BEGIN Records shown

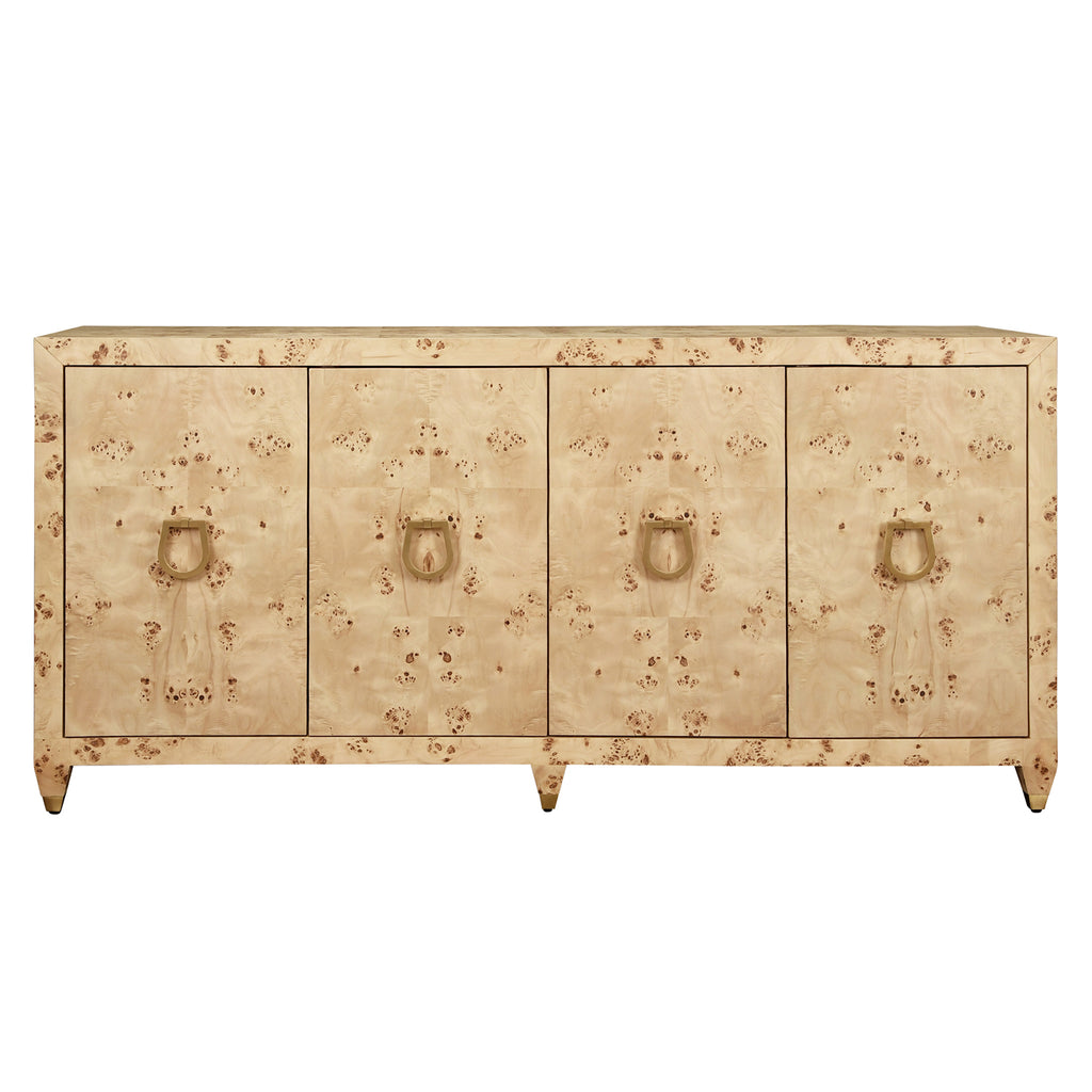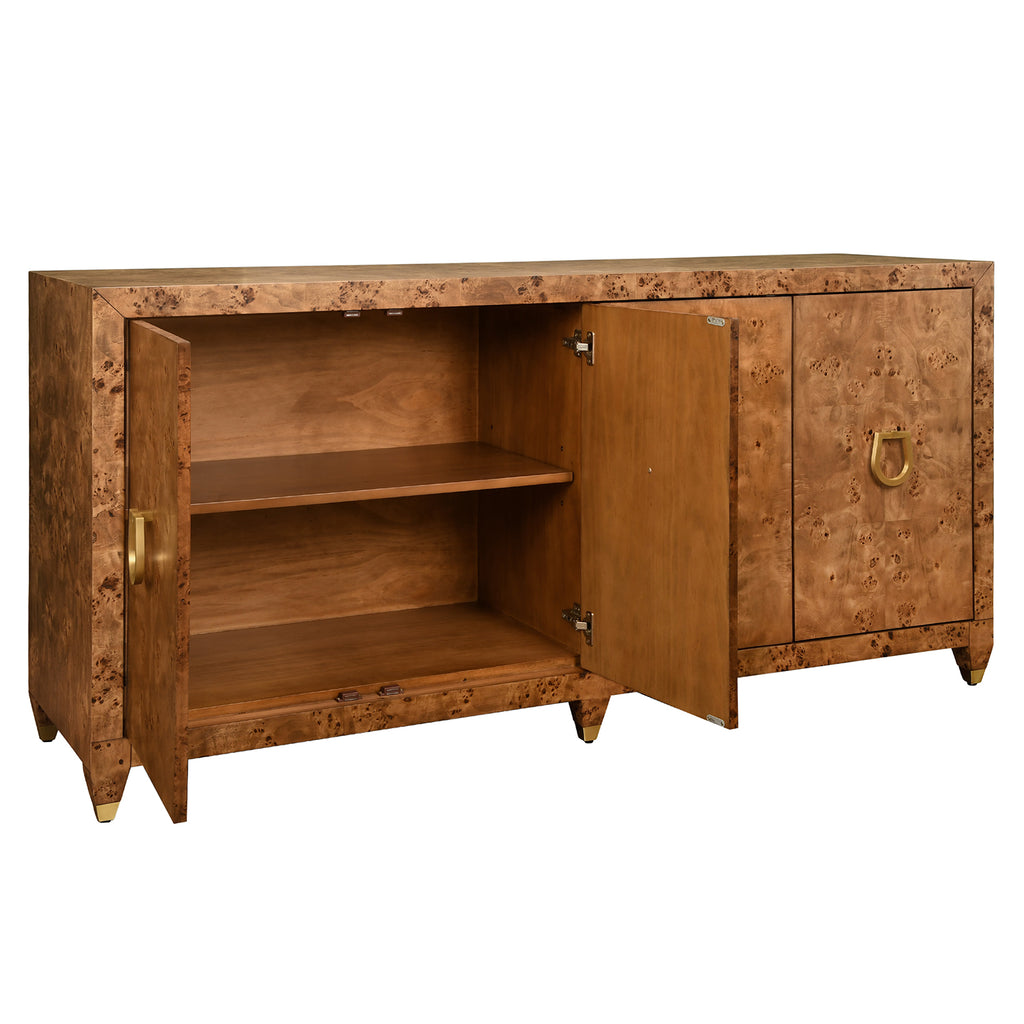 Four door buffet with satin brass horsebit inspired hardware and foot caps in burl wood
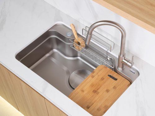 Giỏ đựng đồ inox 304 thiết kế phù hợp với kích thước và hình dạng của chậu, là một giải pháp thông minh để tận dụng không gian trong chậu và giữ cho đồ dùng như bàn chải, xà phòng và thớt gỗ được sắp xếp gọn gàng và tiện lợi.
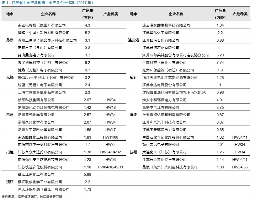 江苏省是我国产危大省,也是我国危废正规化治理水平较高的省份。本篇报告主要对江苏危废市场进行详细梳理。
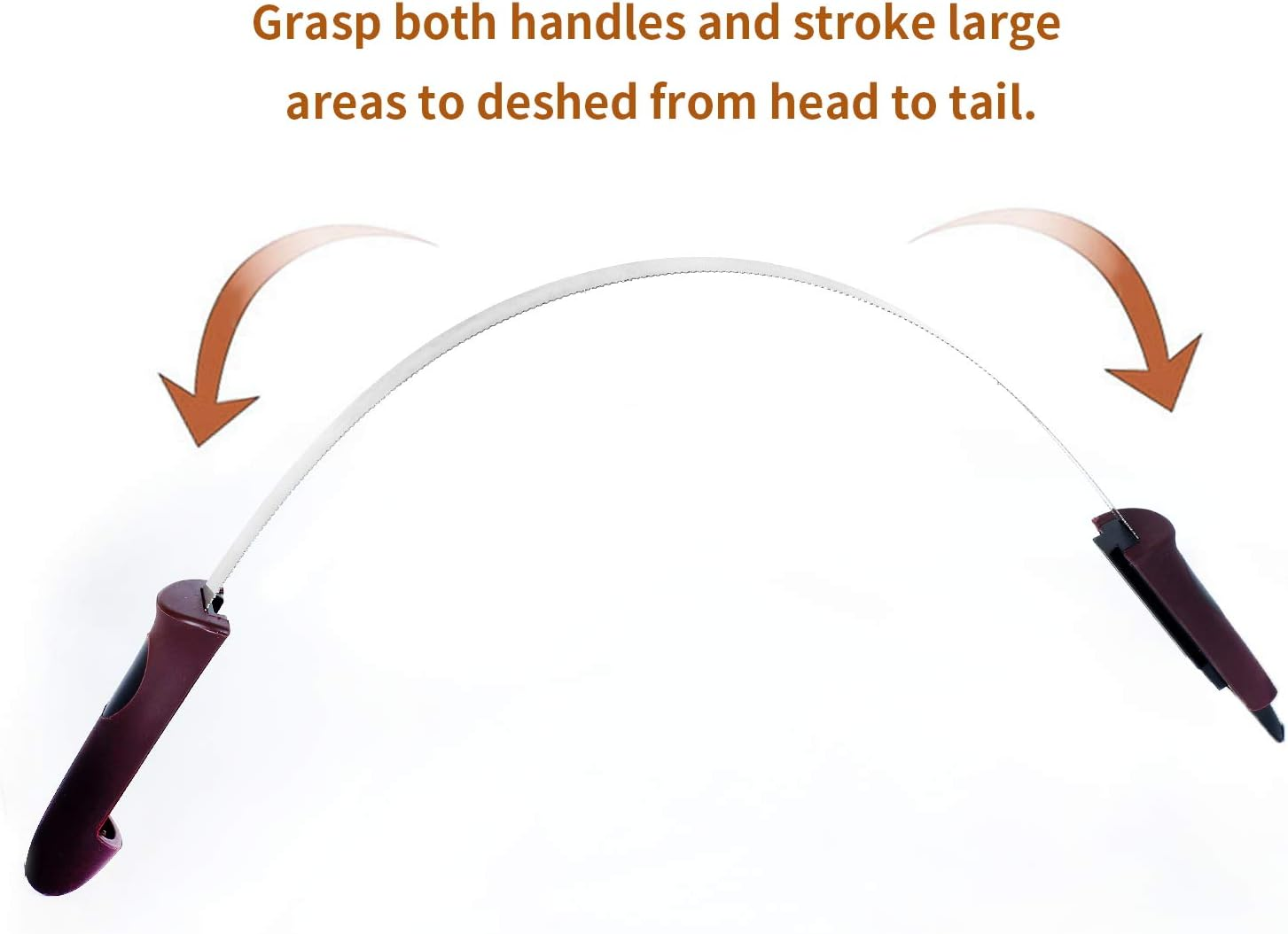 - TWO SHEDDING WAYS-Hold the handles apart to cover large areas at a time, or hold them together to shed smaller regions. This shedding blade is suitable for all kinds of dogs and cats. Also good for large animals, such as the horse.
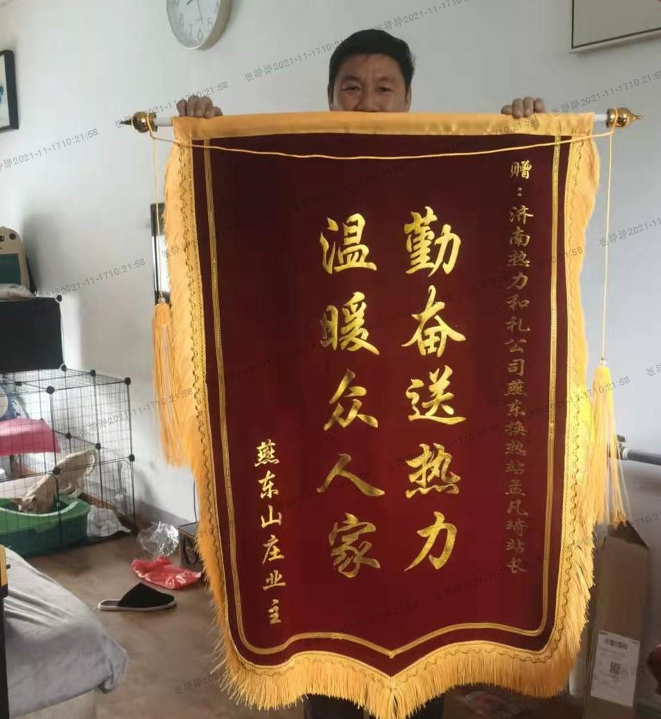 在热调试期间,和礼公司供暖管家奔波在供暖一线,通过和用户的配合,对一次网、二次网进行调节,更好地保障用户用热。供暖管家为民服务的行为感动了用户,燕东山庄中心站站长孟凡琦收到了用户送来的“勤奋送热力,温暖众人家”的锦旗。
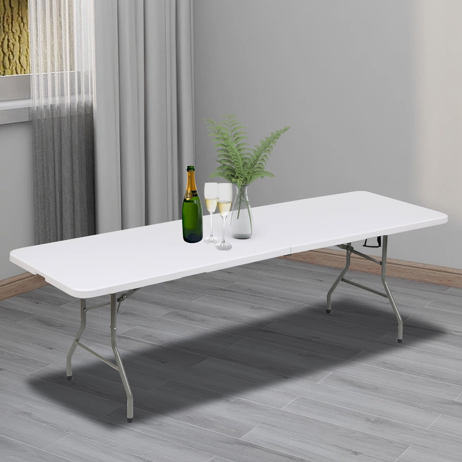TBKLEY 8ft Portable Plastic Folding Tables for Home Garden Office Indoor Outdoor, White
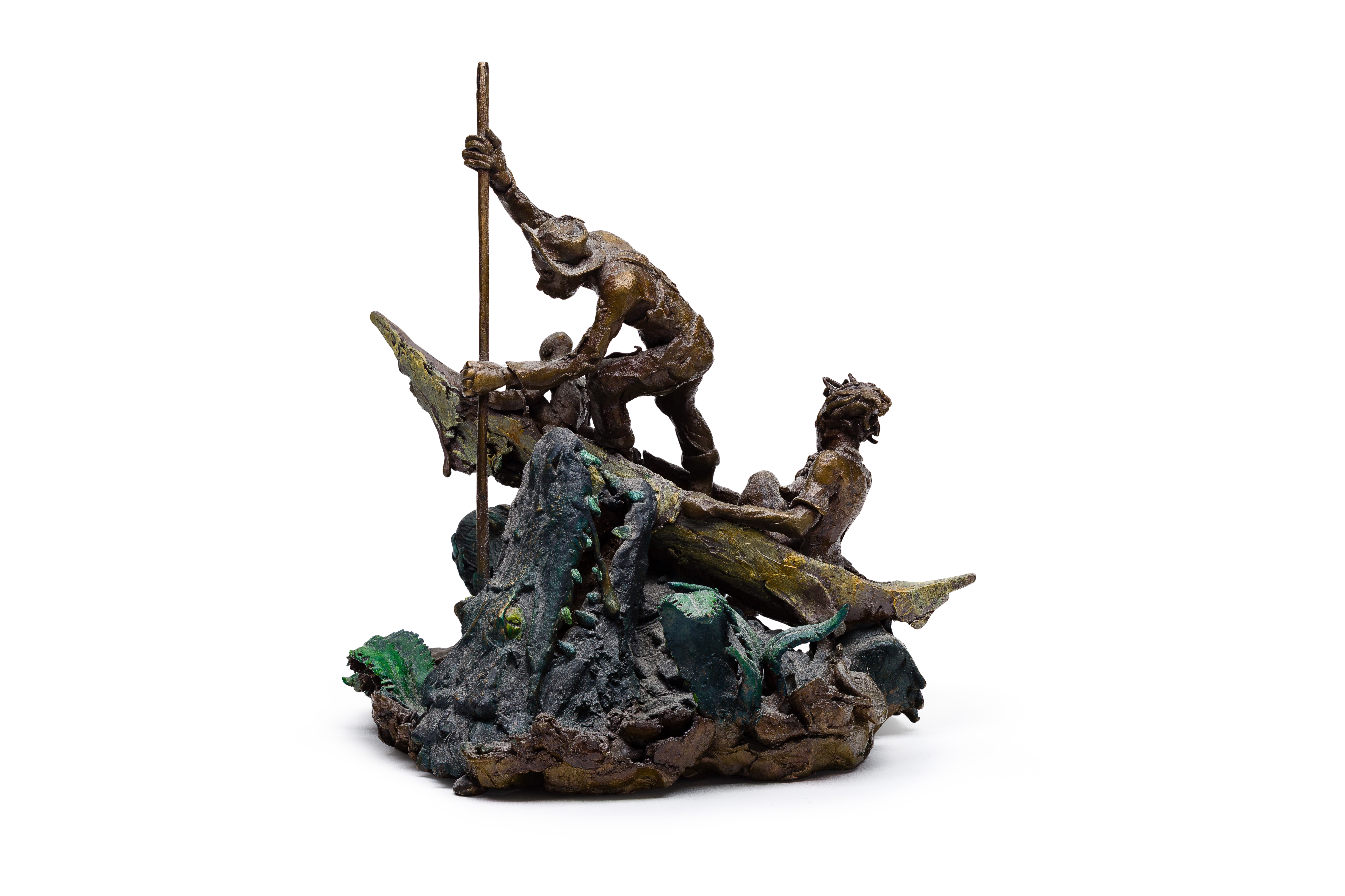 Undated, cast signature on circular element on back, depicting three men in a canoe fighting off two crocodiles

END Records shown

• [Problem description] Each entry above must be repeated word for word, minus its images.

• [Answer space]
 Four door buffet with satin brass horsebit inspired hardware and foot caps in burl wood
 Giỏ đựng đồ inox 304 thiết kế phù hợp với kích thước và hình dạng của chậu, là một giải pháp thông minh để tận dụng không gian trong chậu và giữ cho đồ dùng như bàn chải, xà phòng và thớt gỗ được sắp xếp gọn gàng và tiện lợi.
 江苏省是我国产危大省,也是我国危废正规化治理水平较高的省份。本篇报告主要对江苏危废市场进行详细梳理。
 - TWO SHEDDING WAYS-Hold the handles apart to cover large areas at a time, or hold them together to shed smaller regions. This shedding blade is suitable for all kinds of dogs and cats. Also good for large animals, such as the horse.
 在热调试期间,和礼公司供暖管家奔波在供暖一线,通过和用户的配合,对一次网、二次网进行调节,更好地保障用户用热。供暖管家为民服务的行为感动了用户,燕东山庄中心站站长孟凡琦收到了用户送来的“勤奋送热力,温暖众人家”的锦旗。
TBKLEY 8ft Portable Plastic Folding Tables for Home Garden Office Indoor Outdoor, White
 Undated, cast signature on circular element on back, depicting three men in a canoe fighting off two crocodiles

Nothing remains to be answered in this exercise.